> **Problem description**: Beneath this line is the data. Output exactly the lines from the line with "就连美国总统拜登都被他的这个" to the line with "適用于食品行業(yè)、日用", both ends included, and nothing more.

Top of Exercise data

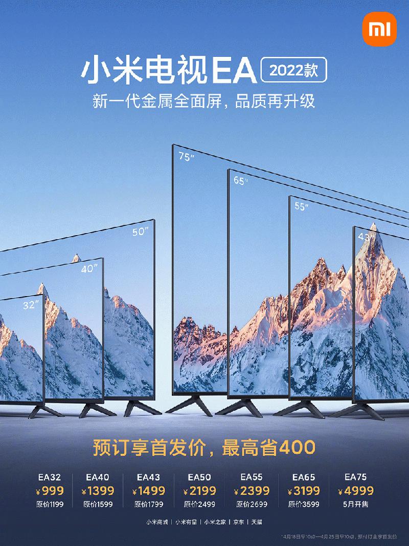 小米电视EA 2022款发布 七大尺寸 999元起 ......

Bottom of Exercise data
Top of Exercise data

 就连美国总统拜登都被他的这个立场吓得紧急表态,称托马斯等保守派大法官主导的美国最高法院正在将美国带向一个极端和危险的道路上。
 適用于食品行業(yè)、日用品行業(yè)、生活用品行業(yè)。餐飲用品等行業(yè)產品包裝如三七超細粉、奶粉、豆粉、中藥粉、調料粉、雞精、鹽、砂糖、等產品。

Bottom of Exercise data

> **Solution to the problem**:
 就连美国总统拜登都被他的这个立场吓得紧急表态,称托马斯等保守派大法官主导的美国最高法院正在将美国带向一个极端和危险的道路上。
 適用于食品行業(yè)、日用品行業(yè)、生活用品行業(yè)。餐飲用品等行業(yè)產品包裝如三七超細粉、奶粉、豆粉、中藥粉、調料粉、雞精、鹽、砂糖、等產品。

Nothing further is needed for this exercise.